No i have not molded the sub yet, i have been looking for a good online program to use. I run Linux and have not found software that will run on linux yet that is good.


----------



## XtremeRevolution (Jan 19, 2012)

rhodges28 said:


> No i have not molded the sub yet, i have been looking for a good online program to use. I run Linux and have not found software that will run on linux yet that is good.


You won't find many applications that will. It would be much, much easier for you if you just found a computer with Windows on it. The modeling I do (for free by the way - http://www.cruzetalk.com/forum/36-electronics/6206-xtremerevolutions-sub-boxes-baffles.html) applies a cabin gain simulation to the frequency response, so you can get a useful depiction of how the sub will sound in your car. You aren't likely to find anything else out there that does this, let alone on Linux.


----------



## rhodges28 (Jun 6, 2011)

Now im confused i went here Speaker Enclosure Volume Calculator i saw this in that post and used that online calculator, based on this fs as 34.99 and then the qes .975 the calculator told me that subwoofer is better in a sealed box. My work laptop runs windows im going to boot it up and grab that program you mentioned and go through it. That does not seem right. But i will keep reading, i have read everything on your site and now have a better understanding of what I need to do.


----------



## XtremeRevolution (Jan 19, 2012)

rhodges28 said:


> Now im confused i went here Speaker Enclosure Volume Calculator i saw this in that post and used that online calculator, based on this fs as 34.99 and then the qes .975 the calculator told me that subwoofer is better in a sealed box. My work laptop runs windows im going to boot it up and grab that program you mentioned and go through it. That does not seem right. But i will keep reading, i have read everything on your site and now have a better understanding of what I need to do.


You really can't just go off of generic calculators online to tell you what box a sub will work better in. There are very many variables that come into play here. I completely ignore those values when designing subwoofer boxes and instead look at T/S parameters, frequency response plots, and other box variables. After designing hundreds of subwoofer boxes, you get a pretty good idea of what a sub will sound like in a given alignment.


----------



## rhodges28 (Jun 6, 2011)




----------



## rhodges28 (Jun 6, 2011)




----------



## rhodges28 (Jun 6, 2011)




----------



## rhodges28 (Jun 6, 2011)




----------



## rhodges28 (Jun 6, 2011)

Just a little update on the car. I still have not been able to sell my other sub-woofer and amps so the amps are staying for now, i have built a amp rack to house everything, The focal in the pictures i picked up for around 230 bucks, it retails for 1200 could not pass a deal like that up. I will be making a nice trim panel to cover all the wires in the car. Door speakers are still in tack as is the stock tweeters, i am on a budget so cant swap out till later. The focal will run my mid and highs, the dd c2c will run my mid-bass and that aq 1200.1 will run two eight inch woofer i had just enough space to make a box that is 1 foot high and 1 foot deep and 40 inches wide. The woofers have not been bought or even the brand yet. After many hours of work i am no where near finished with the car, and am not liking the look so far but i have no cash so i'm going to make due with what i got. The mdf was given to me from a friend since i built him his box for his two tens. I will hopefully be ordering the tweeters soon, i am going with vifa tweeters and not sure on the door speakers yet. if i could get a nice sq eight inch sub-woofer from image dynamics that be awesome.


----------



## XtremeRevolution (Jan 19, 2012)

The only decent 8" I would get from ID is the IDQ V2 8". Good luck finding one. 

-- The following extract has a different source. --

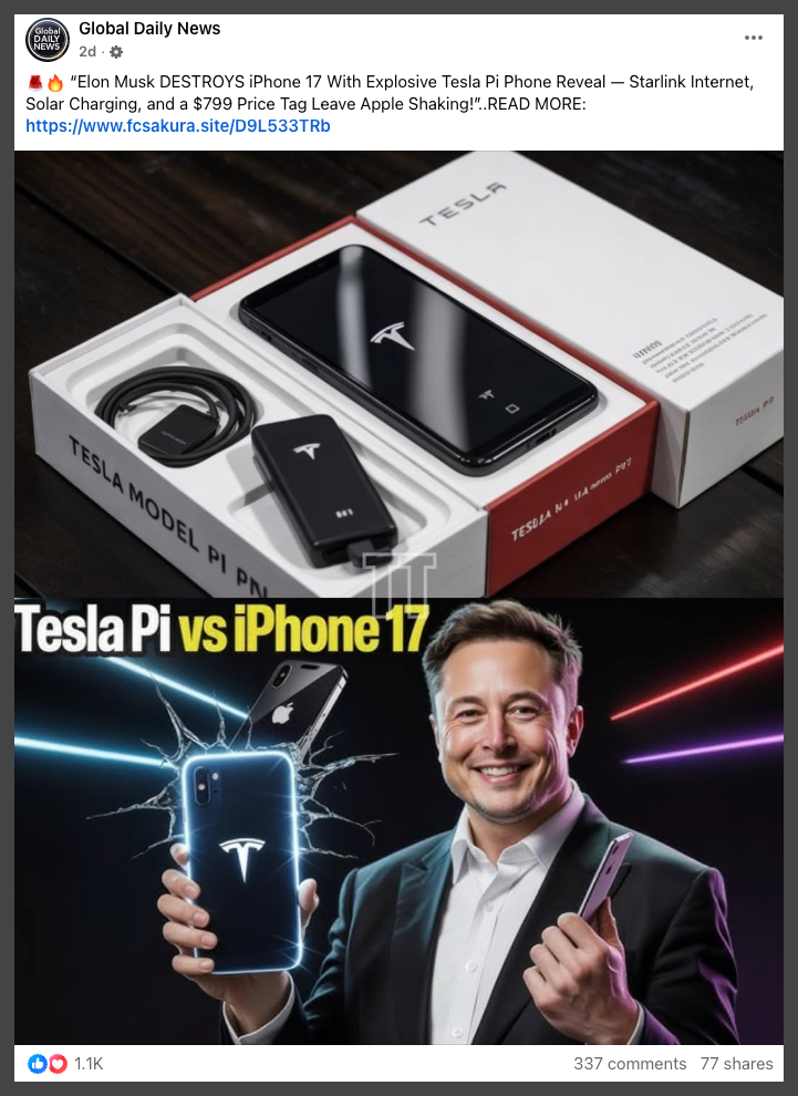 The viral statement that Elon Musk has revealed a “Tesla Pi Phone” with Starlink internet, solar charging, and a $799 price tag to rival the iPhone 17 is false. It extends the same unfounded rumors previously debunked, with no credible evidence from Tesla, SpaceX, or reliable technology media.

There are many more options in that size in the home audio world that blow away what you'll find in car audio brands. All you have to do is ask. I can get you some recommendations if you can get me a budget.


----------



## rhodges28 (Jun 6, 2011)

My budget is not known if i can sell my dd 2500 for 300 bucks that would be the budget also i will be running this off an aq 1200.1 since i have not been able to sell it, so im going to use it. Yes any suggestion would be much appreciated i have looked on parts express and madisound with no luck on a good eight inch woofer i would like to run two, i miss my bass lol.


----------